Input >>
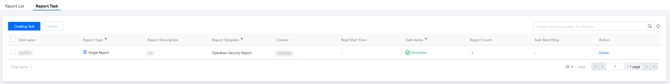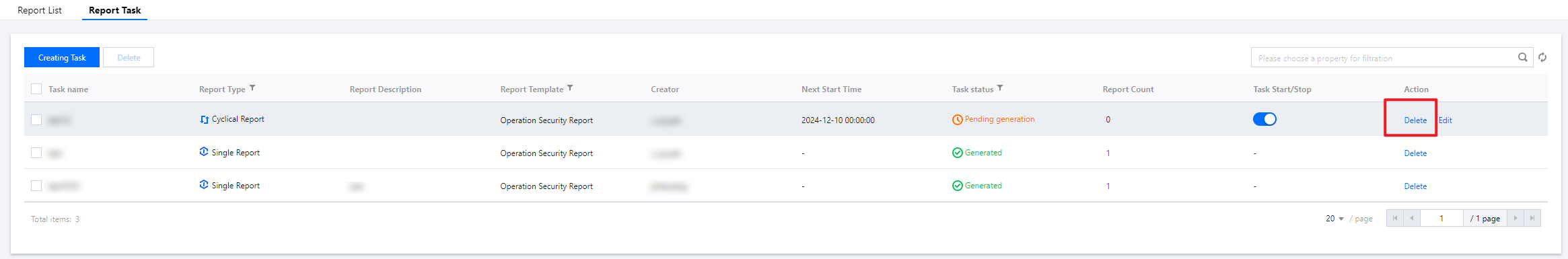 If you want to delete a report task, click Delete in the operation column of the corresponding task.
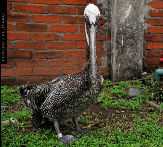 Es el residente más antiguo del Parque Marino del Pacífico, aunque su hábitat se ubica en Limón. A Homero le falta un ala.
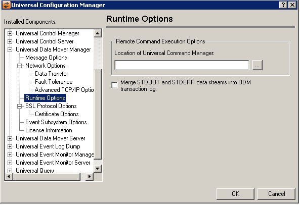 Merge STDOUT and STDERR data streams into UDM transaction log | Select this option to cause all information written to the STDOUT and STDERR data streams to be merged into the UDM transaction log. |
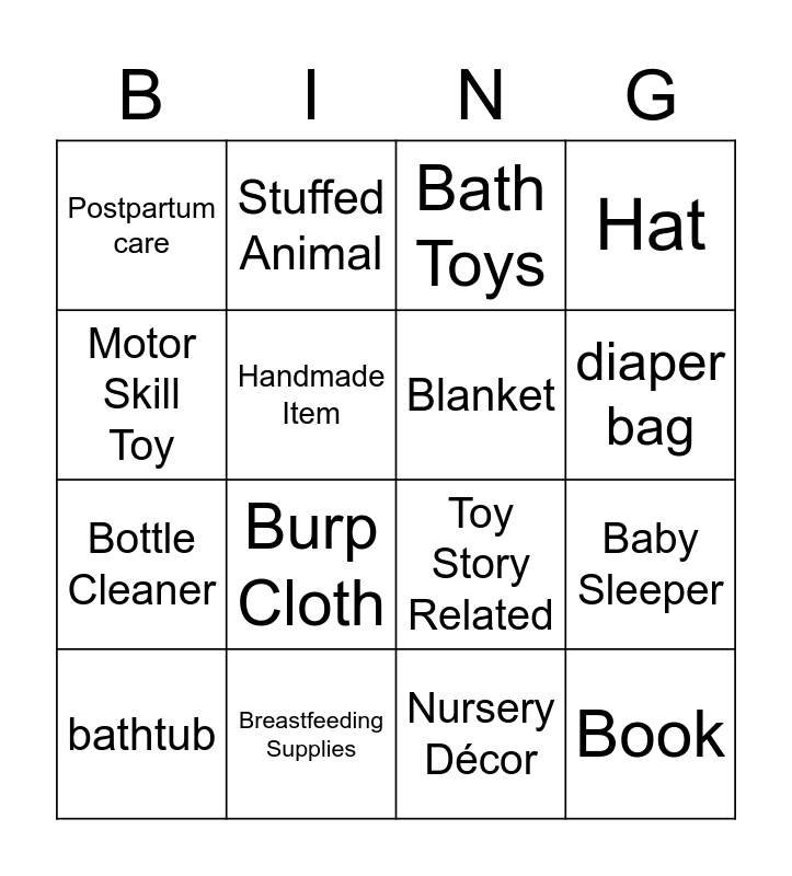 This bingo card has 33 words: Baby Bottles, Wipes, Baby Sleeper, Pacifier, Book, Blanket, Motor Skill Toy, Onesie, Stuffed Animal, Shoes/Socks, diaper bag, Bath Toys, Diapers, Gift Card, Breastfeeding Supplies, Burp Cloth, Graco Brand, Toy Story Related, Baby Powder, Bibs, Mittens, Shampoo, Postpartum care, Nursery Décor, Lotion, bathtub, Hat, Bottle Cleaner, Handmade Item, Wash Cloths, Fridababy Brand, Diaper Cream and Hooded towel.
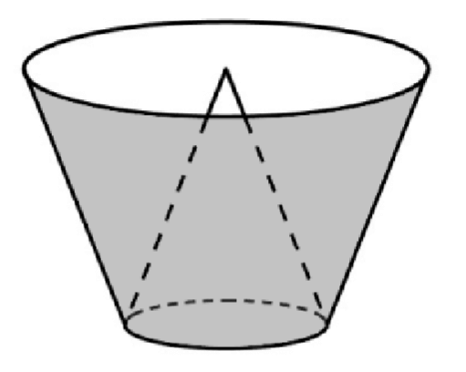 Một cái thùng đựng nước được tạo thành từ việc cắt mặt xung quanh của một hình nón bởi một mặt phẳng vuông góc với trục của hình nón. Miệng thùng là đường tròn có bán kính bằng hai lần bán kính mặt đáy của thùng. Bên trong thùng có một cái phễu dạng hình nón có đáy là đáy của thùng, có đỉnh là tâm của miệng thùng như hình minh họa dưới. Biết đổ 12 lít nước vào thùng thì đầy thùng (nước không chảy vào được bên trong phễu). Tính thể tích của phễu.
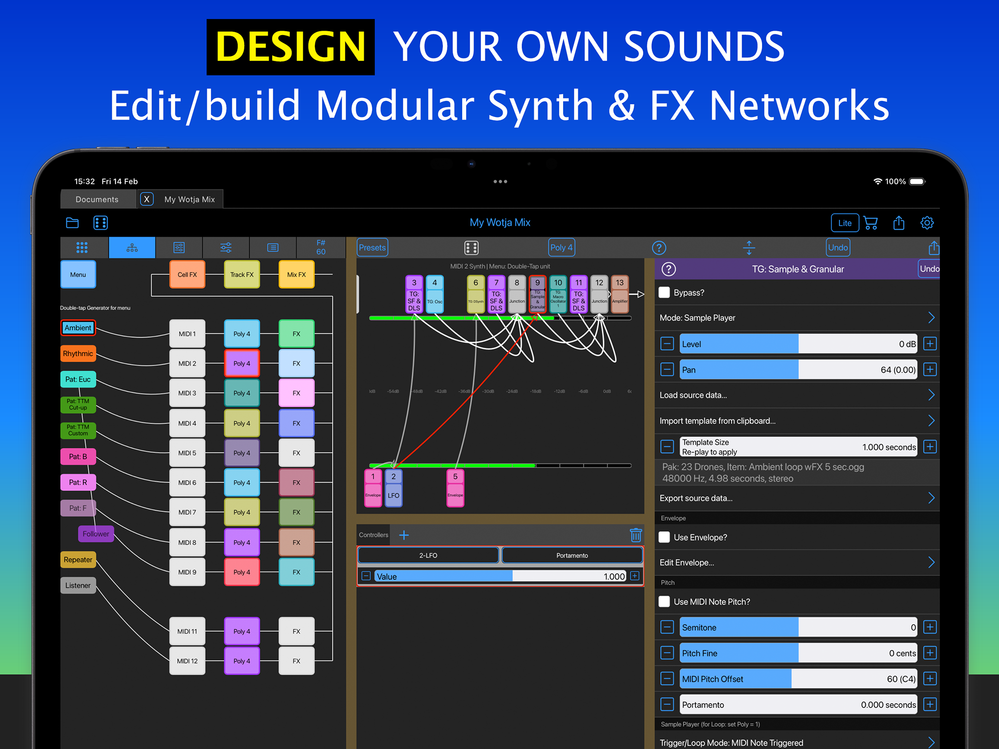The Wotja Audio Engine is a MIDI-driven sound engine that comprises a framework of sound synthesis and fx technologies with associated design interfaces. It goes beyond the traditional limitations of MIDI as it supports control of a number of essential synth & fx units including Reverb, Delay etc.
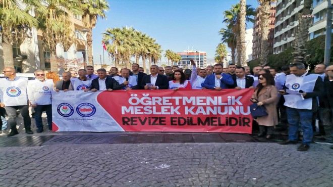 Eğitim Bir Sen üyesi öğretmenler Öğretmenlik Meslek Kanunu'nun yeniden düzenlenmesi için İzmir'de eylem yaptı. "Kanun köstek değil, bize destek olsun" sloganı atan öğretmenler, "Öğretmenlik Meslek Kanunu, öğretmenlik mesleğini düzenleyen müstakil bir kanun beklentisini karşılama yönünde olumlu bir adım olmanın ötesine geçememiş, öğretmenlerin beklentilerini karşılayamamıştır" açıklamasını yaptı.
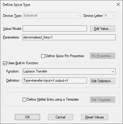 Pulsonix contains many built-in XSpice devices and sub-circuits that have their own specific Edit Value dialogs to make it easier for you to set up the device.
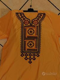 Elegante abito lungo arancione con dettagli ricamati sul collo e sul fondo.
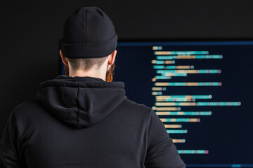 Secret hacker organization workspace, IT specialist analyzing data, large screen displaying complex code, intense atmosphere of innovation and secrecy
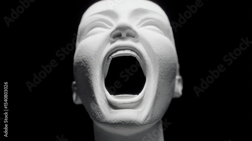 White plaster head screaming against a black background art.
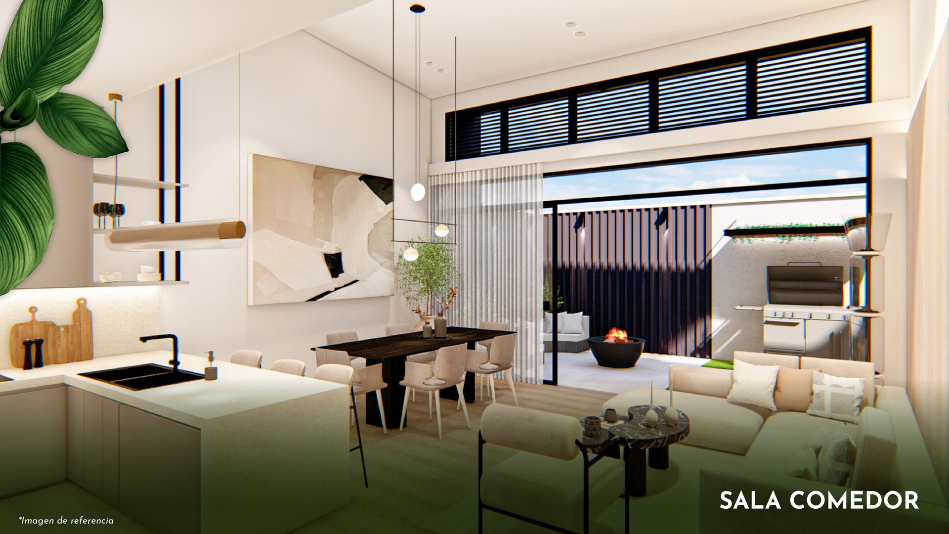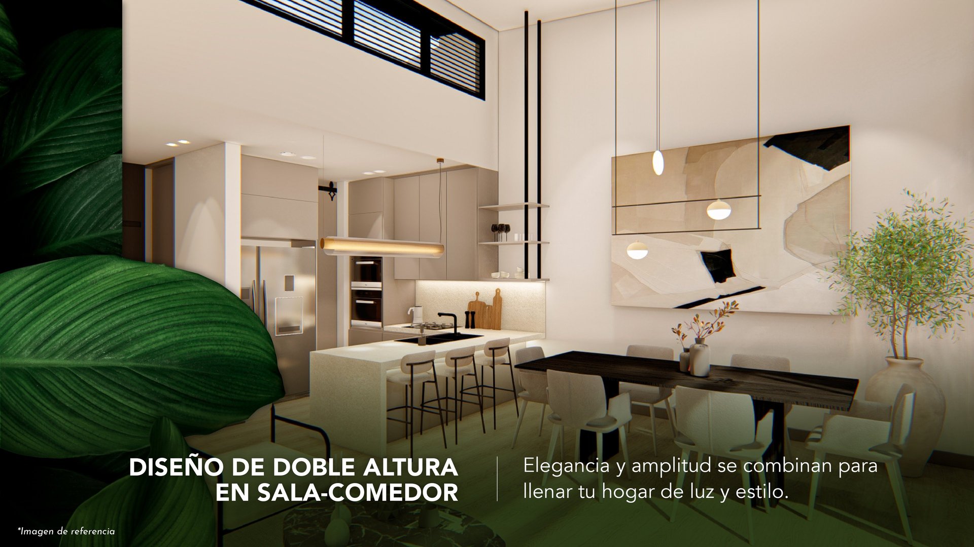 Las viviendas cuentan con diseño de doble altura en sala-comedor, acabados modernos, y una distribución práctica que privilegia la conexión entre interior y exterior, integrando la naturaleza como parte esencial del hogar.
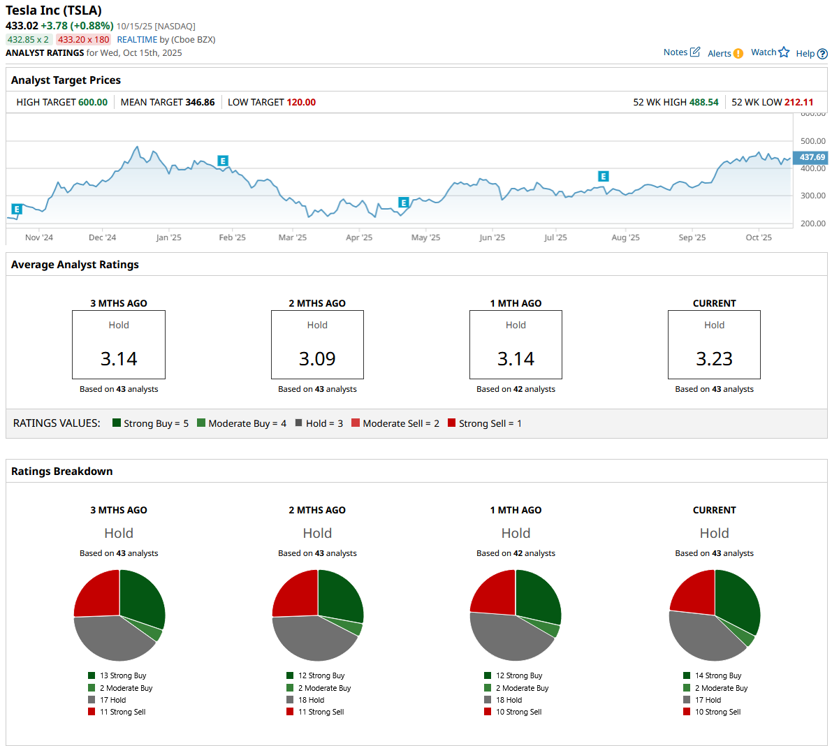 Out of the 43 analysts covering TSLA stock, 14 recommend “Strong Buy,” two recommend “Moderate Buy,” 17 recommend “Hold,” and 10 recommend “Strong Sell.” The average TSLA stock price target is $345, below the current trading price of $433.
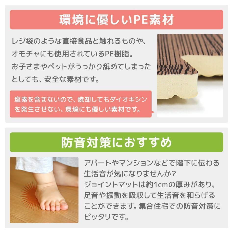 | 60cm 大判 ジョイントマットです。 カッターやはさみで簡単に切れるのでレイアウト自由自在! 足音をやわらげてくれるので、子供部屋やフローリングのお部屋に最適です! 適度なクッション性が転倒時に衝撃を和らげてくれます! 冬は床下からの冷気をカット! 夏は冷房による温度を効率よく保ちます。 汚れた部分は取り外して水洗いが出来てカンタンお手入れ♪ 嬉しい!サイドパーツ付き! 壁ぎわに敷いても、隙間なくキレイに。 掃除がラクラク!! 自然をイメージした木目デザイン! お部屋に落ち着いた雰囲気を与えてくれます! ■商品コード:FCA0560W ■商品仕様 カラー:アンティークホワイト サイズ(約):幅60×奥行60×厚み1.0cm(※1枚) 素材:PE素材 ■商品内容 ジョイントマット×32枚 サイドパーツ(角付きパーツ32本、角なしパーツ32本) ■注意事項 ※EVA樹脂の臭いが最初はある程度しますが、人体には影響ありません。 臭いによる返品はお受けできませんので、臭いの気になる方はその旨をご了承の上ご落札をお願いいたします。 ※重量物を載せますと、マットが凹み変形する恐れがあります。 ※入荷時期によって、厚みや幅に多少の誤差がある場合がございます。あらかじめご了承ください。 ※仕様・デザインは改良のため予告なく変更することがあります。 ※床材との温度差で製品が反る場合があります。 ■保障期間 7日間 ※商品到着後7日以内の初期不良・破損のみご対応させていただきます。 【もちろん新品未使用品です】 |
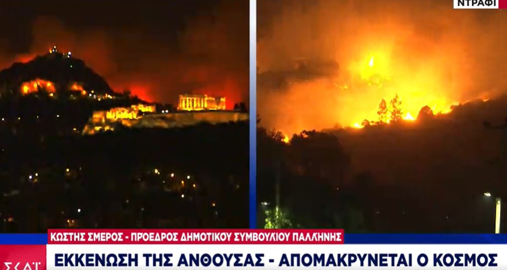 Αυτή τη στιγμή οι δυνάμεις της πυροσβεστικής έχουν να αντιμετωπίσουν δύο μέτωπα: ένα μέτωπο που κινείται αργά προς το βουνό και ένα δεύτερο (το δύσκολο μέτωπο) που κινείται νότια προς Ντράφι – Νέα Πεντέλη.
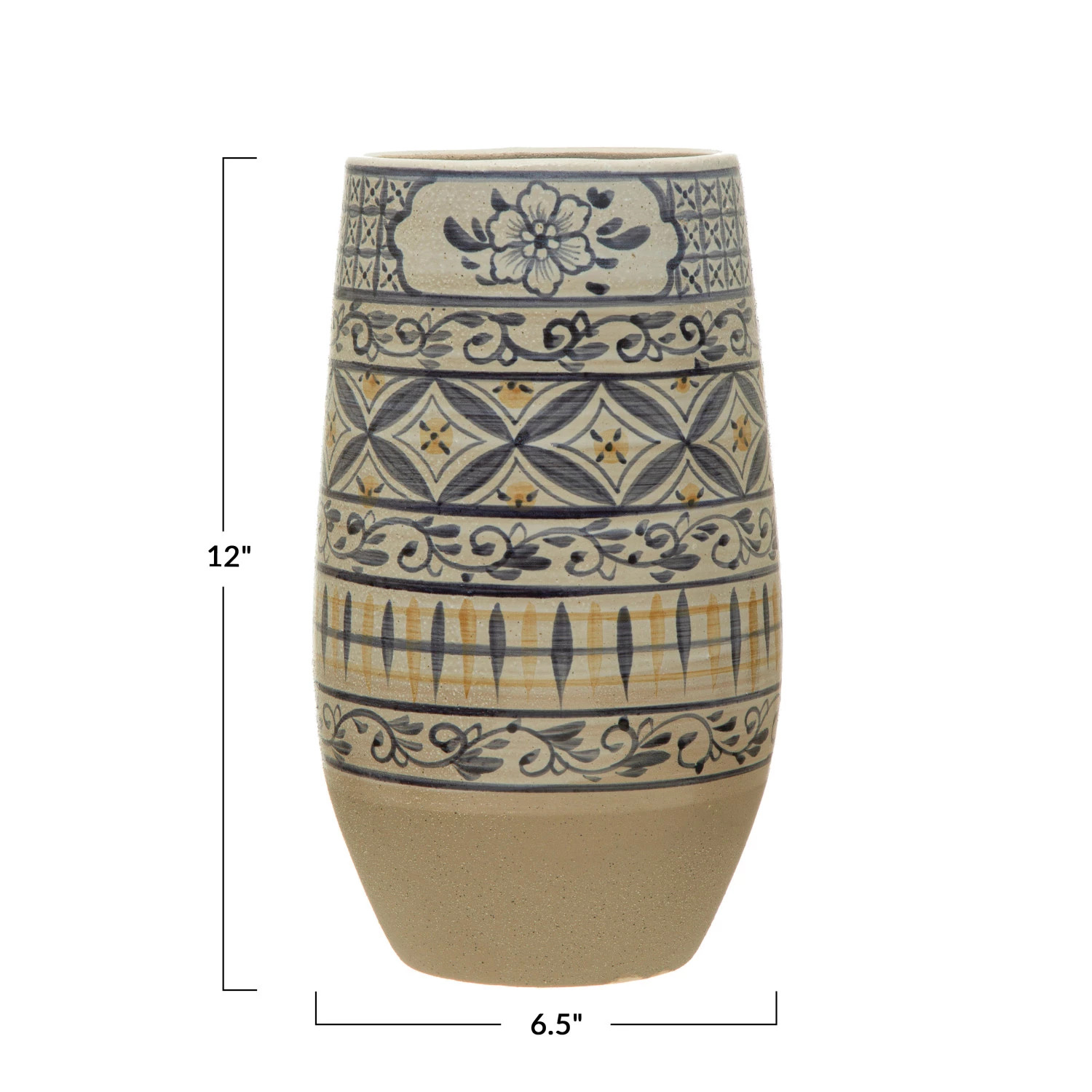 6-1/2" Round x 12"H Hand-Painted Stoneware Vase, Blue & White
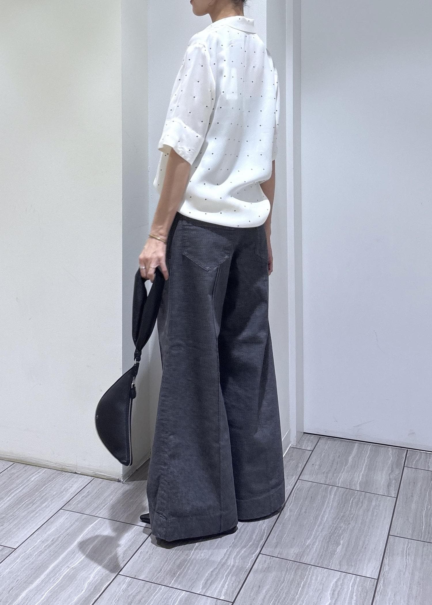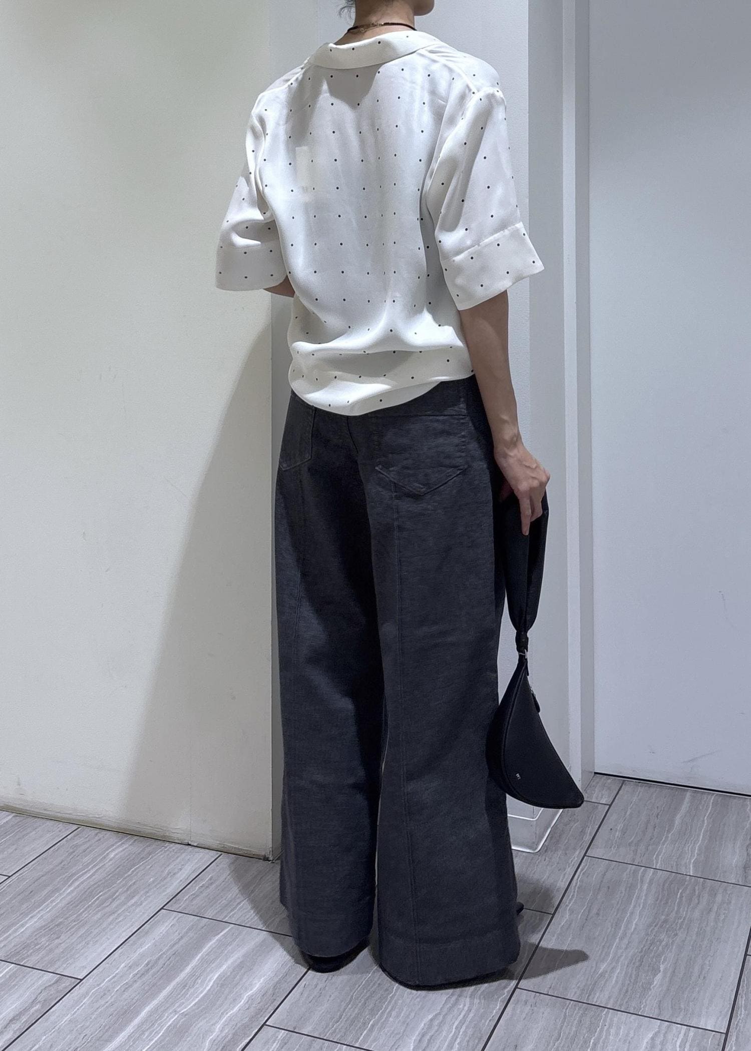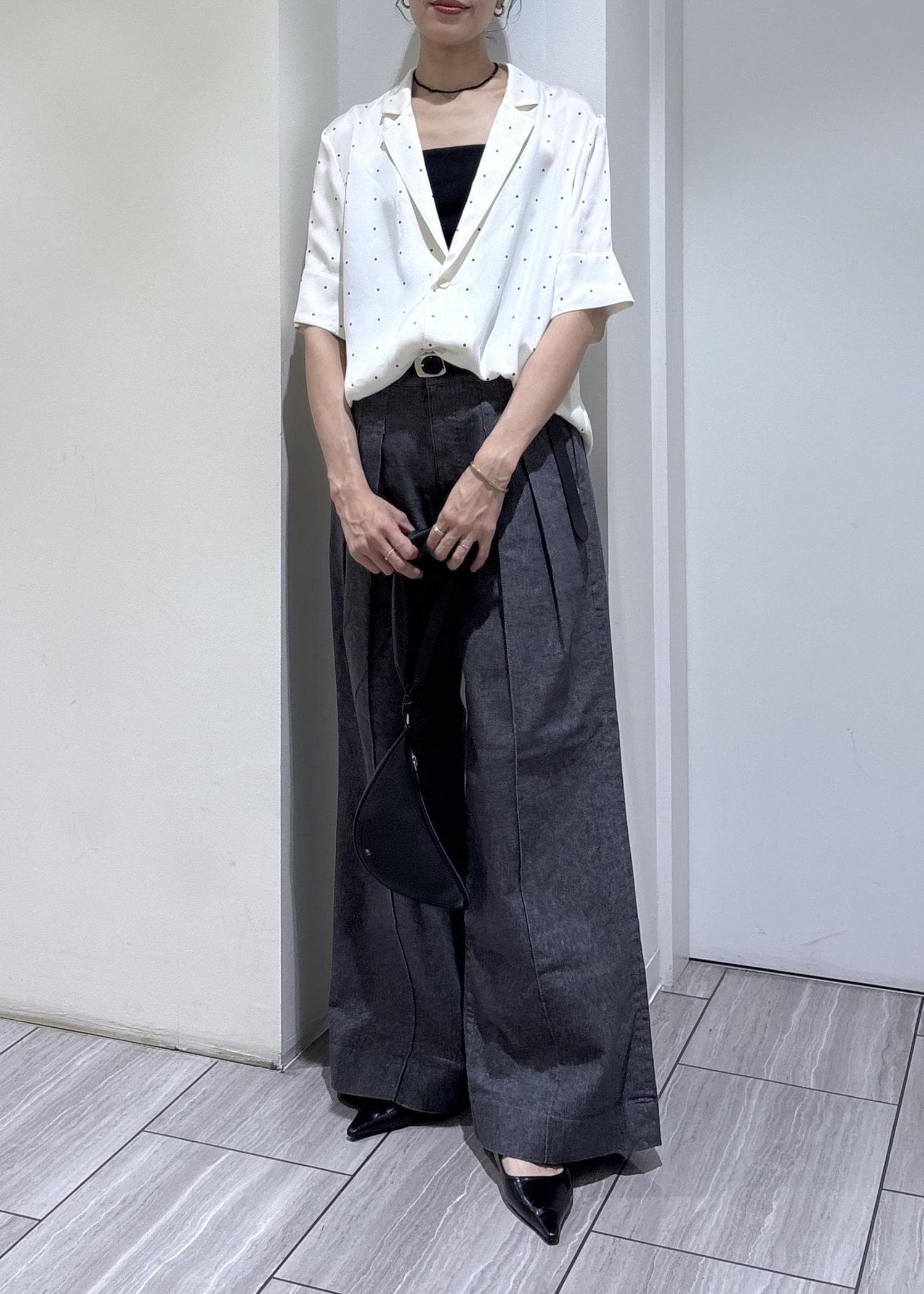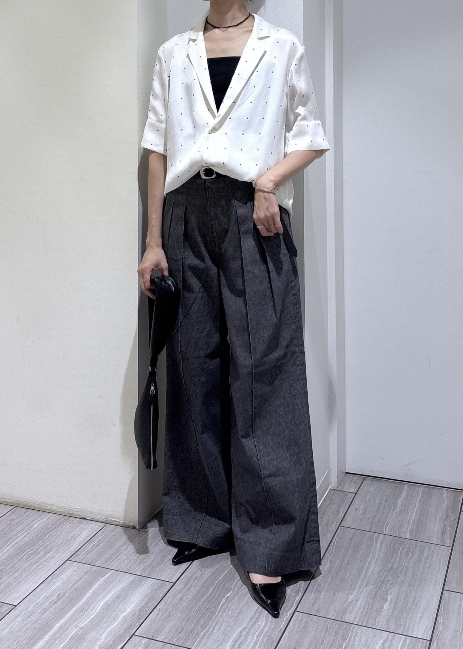 本日はEMOELLEの新作ドットシャツとデニムでスタイリングしました。

Problem to solve >>
Please write out exactly, and only, the lines from the beginning of the entries through the line containing "This bingo card", including both and skipping all pictures.

Solution for this problem >>
 If you want to delete a report task, click Delete in the operation column of the corresponding task.
 Es el residente más antiguo del Parque Marino del Pacífico, aunque su hábitat se ubica en Limón. A Homero le falta un ala.
 Merge STDOUT and STDERR data streams into UDM transaction log | Select this option to cause all information written to the STDOUT and STDERR data streams to be merged into the UDM transaction log. |
 This bingo card has 33 words: Baby Bottles, Wipes, Baby Sleeper, Pacifier, Book, Blanket, Motor Skill Toy, Onesie, Stuffed Animal, Shoes/Socks, diaper bag, Bath Toys, Diapers, Gift Card, Breastfeeding Supplies, Burp Cloth, Graco Brand, Toy Story Related, Baby Powder, Bibs, Mittens, Shampoo, Postpartum care, Nursery Décor, Lotion, bathtub, Hat, Bottle Cleaner, Handmade Item, Wash Cloths, Fridababy Brand, Diaper Cream and Hooded towel.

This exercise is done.